Гость усмехается. Зотов путано и торопливо возражает ему. Дело, говорит он, не в одном внешнем сходстве… да он даже и не сходство, собственно, имел в виду, а скорее свои ощущения… может быть, эти ощущения шатки, болезненны, ну, да это уж другой вопрос… в этом климате сам черт сой­дет с ума, с этим климатом нельзя шутить… а вот, рассуждая о всяческих дальневосточных опасностях, как-то совсем забывают об этом, забывают, что господам арийцам и особен­но нам, русским, следует совершать свои победоносные ше­ствия в тропики с крайней осторожностью, почаще вспоми­ная своих пращуров и завоевание ими Индостана, так знаменательно кончившееся буддизмом: ведь это же мы, арийцы, залезшие после Тибета в тропики, породили это ужасающее в своей непреложной мудрости учение… И за­тем горячо начинает уверять, что «вся сила в том», что он уже видел, чувствовал индийские тропики, может быть, ты­сячи лет тому назад, — глазами и душой своего бесконечно дальнего предка…

Он говорит, — с тонкостью, страстностью и красноречи­ем, которых никак нельзя было ожидать от него, — что он испытал чувства необыкновенные на пути сюда, в те жар­кие звездные ночи, когда впервые глядел на Южный Крест, на Канопус и на те первозданные звездные туманности, что называются Магеллановыми Облаками, видел Угольные Мешки, эти траурные пролеты в бесконечность мировых пространств, и страшное великолепие Альфы Центавра, иг­равшей на совершенно пустом небосклоне, где точно начи­налось какое-то безмерное, недоступное нашему разуму Ничто… Да, да, восклицает он настойчиво, уставясь на гостя своими черными очками, — совершенно пуст был небосклон вокруг нее!
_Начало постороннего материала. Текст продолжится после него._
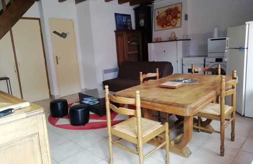 The set consists of a closed courtyard and an enclosed garden, a living room with fireplace (non functional), a bathroom, a landing; two rooms for 2 to 4 people. Ideal for a family of 4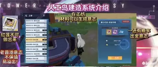 并且限制肝帝还有一个原因:就是工坊里还能消耗多余材料产出:意志升级材料,机器等级高了后,还有概率产出普池金意志,理论上只要材料不限,那肝帝就可以无限产出金意志了,所以这也为什么建造系统人工岛要私人化原因,不过值得一提的是金意志里并没有红莲的可出,只有老牌的普池意志,红莲意志并不在其中。

Зрелище нового мира, новых небес раскрыва­лось передо мною, но мне казалось, — и это ощущение было до ужаса живо во мне, уверяю вас! — мне казалось, что я уже видел их когда-то. Все дни и ночи широко размахивала нас в океане плавная мертвая волна. Мы шли навстречу во­сточному муссону, он дул резко и сильно, от его непрестан­ного воздушного тока гудело в реях и рябило в глазах, ход казался быстрым… Просыпаясь по ночам в горячей темноте своей каюты, я шел отдыхать от своего изнурительного сна на верхние палубы, на ветер, под эти звезды — совсем не те, что я видел всю жизнь, с самого рождения и с которыми уже сроднился, совсем, совсем другие, но вместе с тем как будто и не совсем новые, а смутно вспоминаемые. В их туск­лом свете стоял непрестанный шум океана, пароход медлен­но клало с одного бока на другой, и, точно удавленники в се­рых саванах, с распростертыми руками, качались и дрожали возле трубы длинные парусиновые вентиляторы, жадно ло­вившие своими отверстиями свежесть муссона, с которым уже доносилось до нас горячее дыхание нашей страшной Прародины. И тут порою охватывала меня такая тоска, — тоска какого-то бесконечно далекого воспоминания, — что че­ловеческим словом не выразишь даже и сотой доли ее…

Дует слабый, сладкий ветер, дремотно звенят кустарни­ки. Сумерки начинают наливаться тем сказочным оранже­во-золотистым светом, который всегда возникает в тропи­ках вскоре после заката. Оранжево-золотистой пеной ки­пит прибой, в оранжево-золотистом озарении лица и белые одежды… «Как связать то, чем он дивил меня днем, и то, чем дивит теперь?» — думает гость из России про своего удиви­тельного соотечественника. А тот смотрит на него своими черными очками и упрямо повторяет:

— Да, да, я уже был здесь… И вообще, я человек обре­ченный… Если бы вы знали, как страшно запутаны мои дела! Еще больше, кажется, чем душа и мысли! Ну, да из всего есть выход. Дернул собачку револьвера, поглубже всунув его в рот, — все эти дела, мысли и чувства разлетятся к чер­товой матери!